• What is needed
Reproduce every record below exactly, with the pictures left out.

[Data extracted from a collection]
* * * * * * *

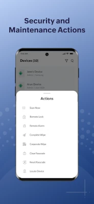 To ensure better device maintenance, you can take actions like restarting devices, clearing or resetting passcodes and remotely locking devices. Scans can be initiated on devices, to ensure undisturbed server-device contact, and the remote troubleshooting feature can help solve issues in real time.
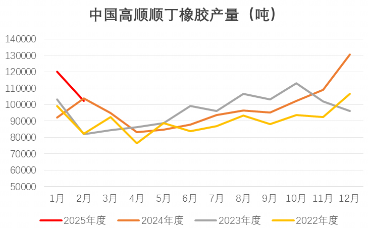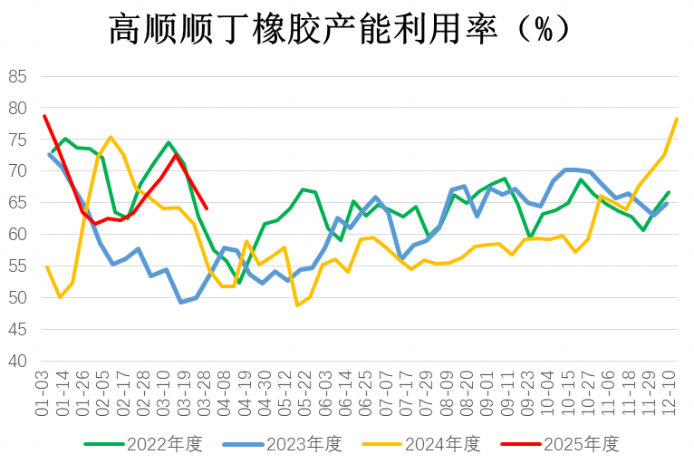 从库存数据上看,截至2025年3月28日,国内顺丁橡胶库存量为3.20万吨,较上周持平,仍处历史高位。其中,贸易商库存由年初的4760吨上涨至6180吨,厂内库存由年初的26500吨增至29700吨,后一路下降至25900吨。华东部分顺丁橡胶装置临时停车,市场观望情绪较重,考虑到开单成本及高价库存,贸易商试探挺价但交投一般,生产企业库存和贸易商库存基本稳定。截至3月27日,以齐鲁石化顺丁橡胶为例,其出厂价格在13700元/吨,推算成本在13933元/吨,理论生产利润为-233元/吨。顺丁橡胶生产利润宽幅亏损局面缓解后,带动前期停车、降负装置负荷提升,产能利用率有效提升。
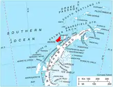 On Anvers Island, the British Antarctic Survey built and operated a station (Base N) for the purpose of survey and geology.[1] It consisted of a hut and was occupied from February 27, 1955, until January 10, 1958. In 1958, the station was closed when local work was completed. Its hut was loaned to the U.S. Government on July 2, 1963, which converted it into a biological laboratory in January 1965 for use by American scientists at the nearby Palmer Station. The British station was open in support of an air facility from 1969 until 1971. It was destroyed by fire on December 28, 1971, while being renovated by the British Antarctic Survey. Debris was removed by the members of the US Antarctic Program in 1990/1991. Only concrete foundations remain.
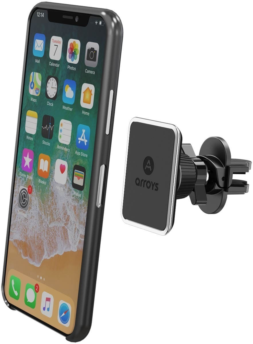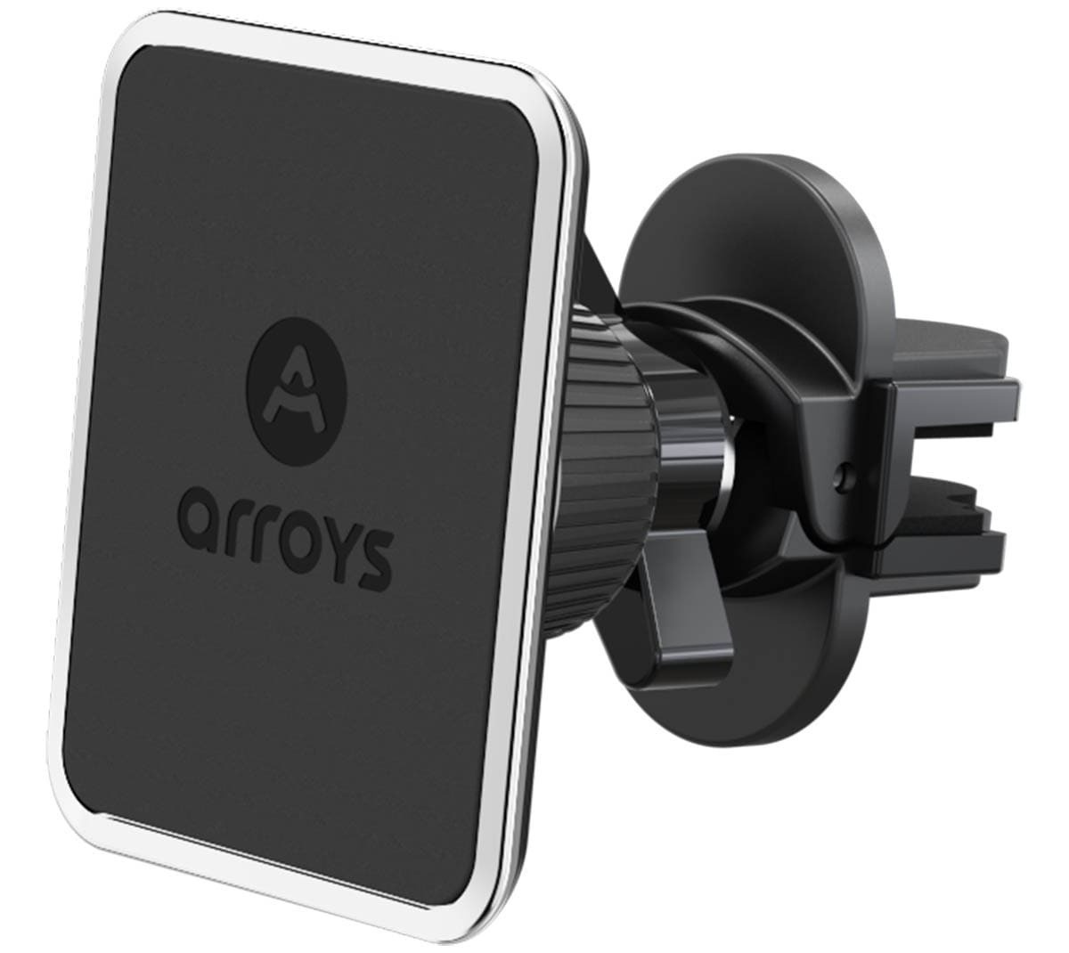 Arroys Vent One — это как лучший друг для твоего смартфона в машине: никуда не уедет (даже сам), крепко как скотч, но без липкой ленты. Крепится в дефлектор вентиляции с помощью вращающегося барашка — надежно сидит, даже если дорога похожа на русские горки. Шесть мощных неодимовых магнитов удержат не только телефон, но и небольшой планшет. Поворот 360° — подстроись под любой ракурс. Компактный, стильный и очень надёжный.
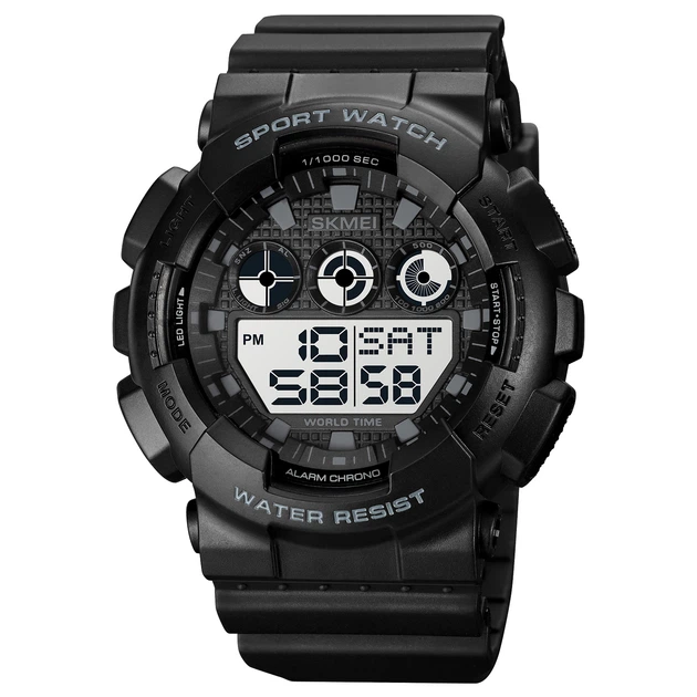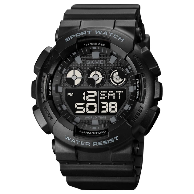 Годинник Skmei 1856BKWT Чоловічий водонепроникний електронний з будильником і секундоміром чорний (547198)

* * * * * * *

• Expected answer
 To ensure better device maintenance, you can take actions like restarting devices, clearing or resetting passcodes and remotely locking devices. Scans can be initiated on devices, to ensure undisturbed server-device contact, and the remote troubleshooting feature can help solve issues in real time.
 从库存数据上看,截至2025年3月28日,国内顺丁橡胶库存量为3.20万吨,较上周持平,仍处历史高位。其中,贸易商库存由年初的4760吨上涨至6180吨,厂内库存由年初的26500吨增至29700吨,后一路下降至25900吨。华东部分顺丁橡胶装置临时停车,市场观望情绪较重,考虑到开单成本及高价库存,贸易商试探挺价但交投一般,生产企业库存和贸易商库存基本稳定。截至3月27日,以齐鲁石化顺丁橡胶为例,其出厂价格在13700元/吨,推算成本在13933元/吨,理论生产利润为-233元/吨。顺丁橡胶生产利润宽幅亏损局面缓解后,带动前期停车、降负装置负荷提升,产能利用率有效提升。
 On Anvers Island, the British Antarctic Survey built and operated a station (Base N) for the purpose of survey and geology.[1] It consisted of a hut and was occupied from February 27, 1955, until January 10, 1958. In 1958, the station was closed when local work was completed. Its hut was loaned to the U.S. Government on July 2, 1963, which converted it into a biological laboratory in January 1965 for use by American scientists at the nearby Palmer Station. The British station was open in support of an air facility from 1969 until 1971. It was destroyed by fire on December 28, 1971, while being renovated by the British Antarctic Survey. Debris was removed by the members of the US Antarctic Program in 1990/1991. Only concrete foundations remain.
 Arroys Vent One — это как лучший друг для твоего смартфона в машине: никуда не уедет (даже сам), крепко как скотч, но без липкой ленты. Крепится в дефлектор вентиляции с помощью вращающегося барашка — надежно сидит, даже если дорога похожа на русские горки. Шесть мощных неодимовых магнитов удержат не только телефон, но и небольшой планшет. Поворот 360° — подстроись под любой ракурс. Компактный, стильный и очень надёжный.
 Годинник Skmei 1856BKWT Чоловічий водонепроникний електронний з будильником і секундоміром чорний (547198)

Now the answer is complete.